(Requirement):
What is needed is an exact reproduction of the lines in the records below, starting at the line with "Câu 11: Từ một" and ending at the line with "第一个是保证利率,也叫保底利", both included, and nothing else; pictures stay out.

(Information shown):
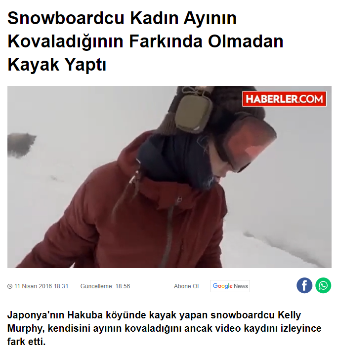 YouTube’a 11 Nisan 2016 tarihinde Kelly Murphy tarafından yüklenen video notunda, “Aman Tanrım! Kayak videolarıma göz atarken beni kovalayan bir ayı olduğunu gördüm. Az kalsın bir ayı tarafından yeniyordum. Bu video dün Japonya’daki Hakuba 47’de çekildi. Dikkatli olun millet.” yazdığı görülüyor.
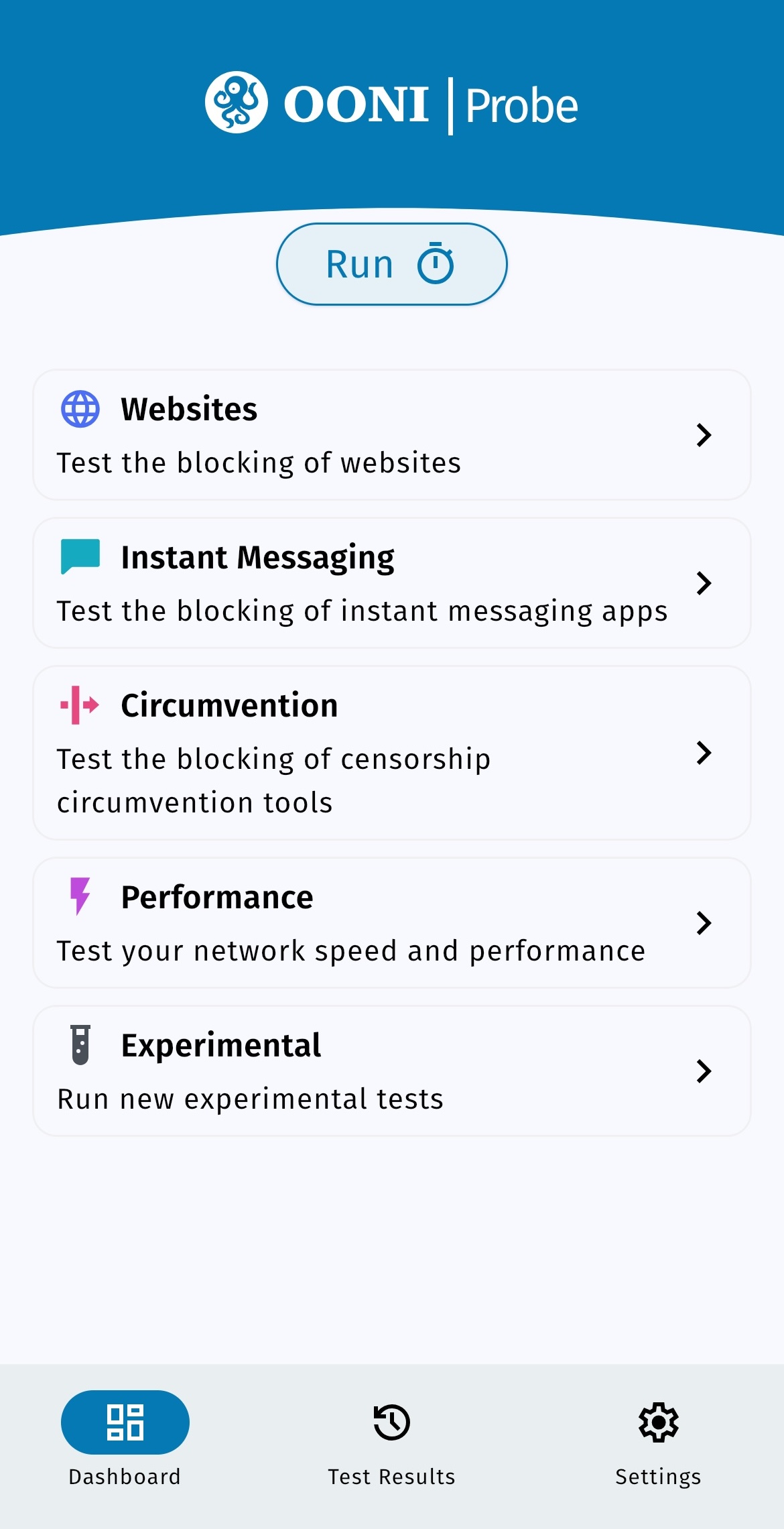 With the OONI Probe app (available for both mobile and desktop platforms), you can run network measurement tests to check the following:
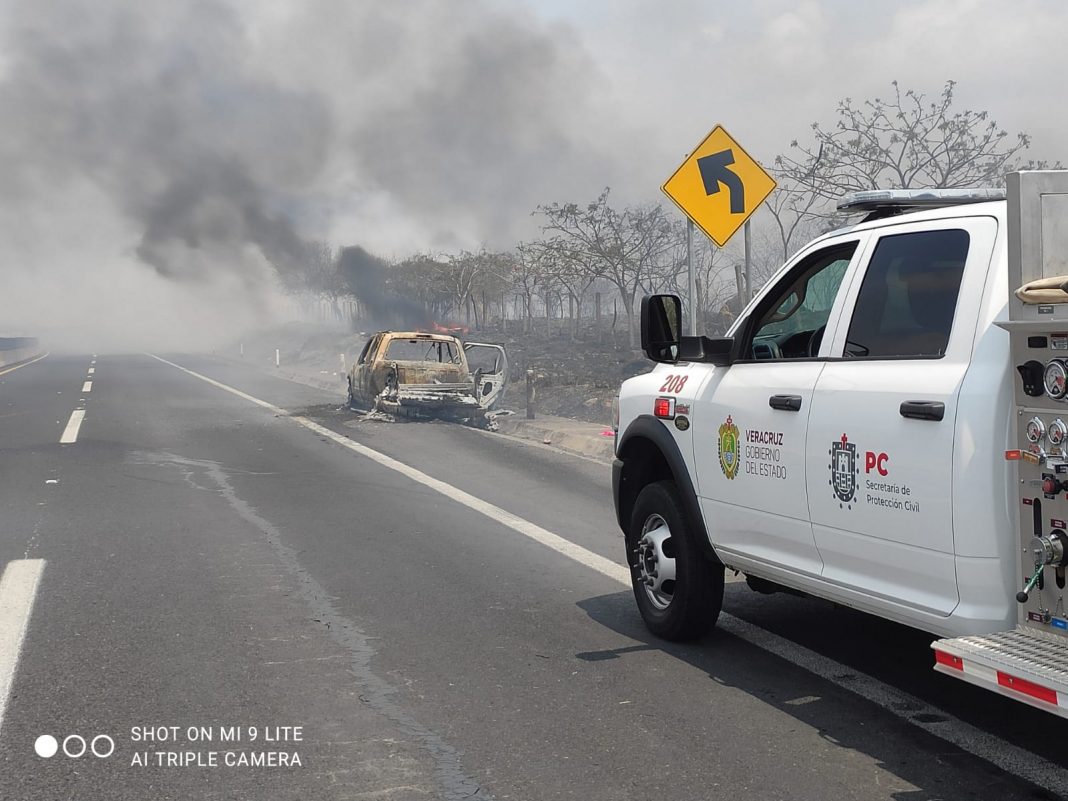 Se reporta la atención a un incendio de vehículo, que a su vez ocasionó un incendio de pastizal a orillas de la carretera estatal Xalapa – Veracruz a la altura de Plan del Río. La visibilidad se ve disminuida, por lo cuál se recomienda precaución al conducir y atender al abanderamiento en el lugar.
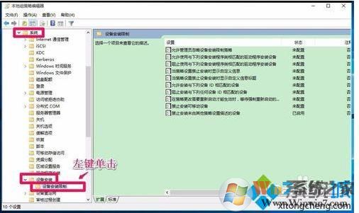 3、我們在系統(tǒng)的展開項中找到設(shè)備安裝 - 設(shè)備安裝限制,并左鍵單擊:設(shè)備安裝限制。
---
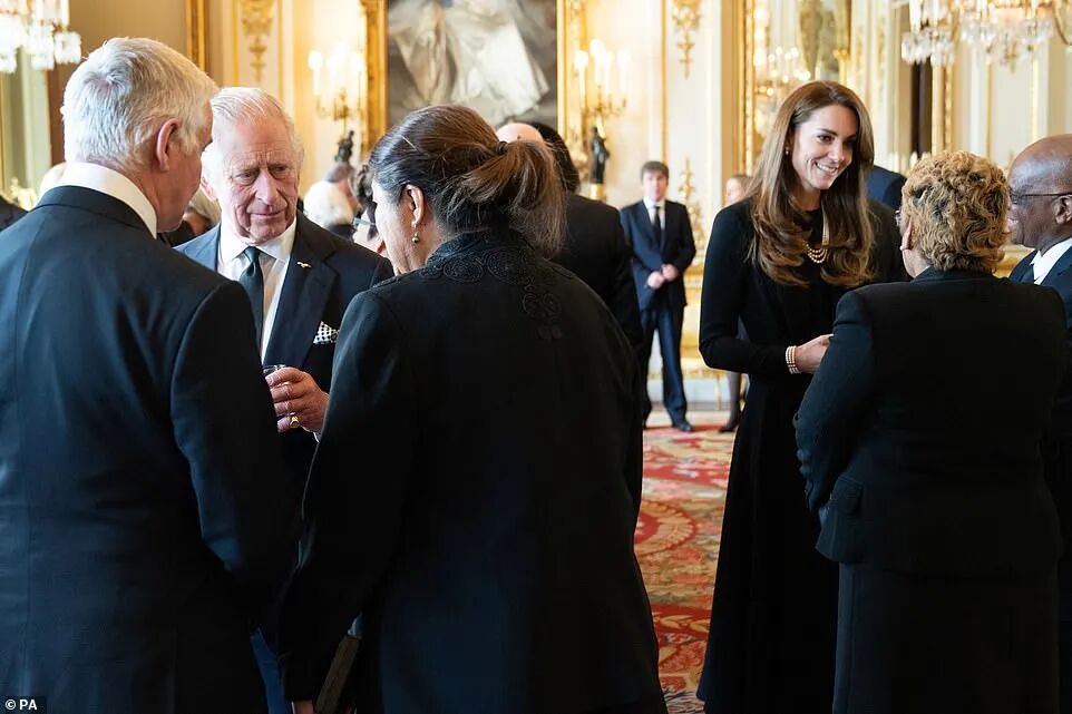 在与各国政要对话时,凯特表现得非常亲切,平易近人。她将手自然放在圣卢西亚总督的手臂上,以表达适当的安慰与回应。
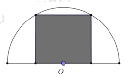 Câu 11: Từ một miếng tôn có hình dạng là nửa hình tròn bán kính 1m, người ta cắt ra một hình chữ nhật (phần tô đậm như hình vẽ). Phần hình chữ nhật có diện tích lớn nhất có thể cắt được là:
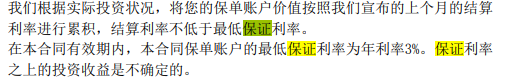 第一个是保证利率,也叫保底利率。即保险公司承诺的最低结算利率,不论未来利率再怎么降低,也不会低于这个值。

(Written answer):
 Câu 11: Từ một miếng tôn có hình dạng là nửa hình tròn bán kính 1m, người ta cắt ra một hình chữ nhật (phần tô đậm như hình vẽ). Phần hình chữ nhật có diện tích lớn nhất có thể cắt được là:
 第一个是保证利率,也叫保底利率。即保险公司承诺的最低结算利率,不论未来利率再怎么降低,也不会低于这个值。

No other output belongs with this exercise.